Life in the Sierra Nevada Mountains had been good for the Native Californians. Up in the higher elevations they could pass the hot summer months in cool contentment. Game was plentiful and the streams ran full of fresh trout. There were blackberries, gooseberries, elderberries, and acorns to be had for the picking. Wild herbs were plentiful. If they dug in the ground it wasn’t for yellow nuggets but rather for a variety of tasty mushrooms. When they rested beneath the giant Sequoias it was in awe of the age these giants had achieved and in appreciation of the shade which they offered; it wasn’t to name them after a favorite general or to sell their shattered remnants for curious pieces of paper with pictures of other favorite generals. Life was easy; life was good. Yet it was that ease of accepting what life had to offer which led to them being labeled as lazy; and it was the natural richness of their life from which it was deemed that they needed to be saved. But saving was work. It was easier to kill.
“The happy highways where I went, and can not come again.”

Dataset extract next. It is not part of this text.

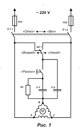 С п - С р - рабочий конденсатор; пусковой конденсатор; П1 - пакетный выключатель

By the late 1860’s reservations were being established around California – and all over the country – to house Native Americans in confinement upon less desirable land while the mountains and valleys upon which they had once roamed freely were appropriated for more profitable use. The survivors of the extermination were not given a choice, and internment in a reservation usually became a sentence of death by starvation. There was no game to hunt and no food to gather, so the state of California grudgingly allowed them to slowly waste away on a daily diet of only 200 to 400 calories of cheap food provided by their captors. This was so effective at eliminating the natives who had not already been murdered that, by the year 1900, the population of Native Americans in California had declined from some five hundred tribal groups containing almost 300,000 people to a mere 16,000 ragged survivors. Ninety-five per cent had been killed, and four hundred of those tribal groups had been completely eliminated. One biographer of Adolph Hitler later wrote that upon reading of the American government’s solution to the Indian problem, Hitler was inspired to design similar camps for his campaign of genocide against those whom he wished to exterminate. Yet, ironically, Hitler was much more generous in giving food to his prisoners. Although adopting the same blueprint for extermination as his California mentors, he allowed inmates at Auschwitz a daily allotment of a relatively generous 1300 calories.
Today the population of Native Californians stands at about 725,000. Many of them still live on reservations. Many of those reservations can now be visited by you. They are called casinos, and when you arrive on these new reservations you can sometimes even see genuine Native Americans as they once again gaze upon their captors with amusement and bewilderment; watching the white invaders drink alcohol in excess and play games of chance for curious pieces of paper with pictures of generals on them. As you visit, you might ponder the curious twisted path which has brought them here. And if you later find yourself high in the mountains resting in the shade beneath a giant Sequoia, then close your eyes and listen. Perhaps, within the sounds of the forest, you might also hear the whispered words of the poet. It is doubtful that he held the natives of California in his thoughts as he wrote, yet perhaps there was something; some great feeling of pain and anguish that traveled halfway around the world and took root in his heart without his even knowing, and which then guided his pen to write these words:
“Into my heart an air that kills
From yon far country blows;
What are those blue remembered hills;
What spires, what farms are those?
That is the land of lost content,
I see it shining plain.
The happy highways where I went,
And can not come again.”
A.E. Housman; 1896
With a degree in Anthropology and an avid interest in history, Tim Christensen has lived in the Sierra Nevada Mountains for many years. He has no cell phone or television, but manages, when not chopping firewood or shoveling snow, to keep himself entertained with a library of several thousand books.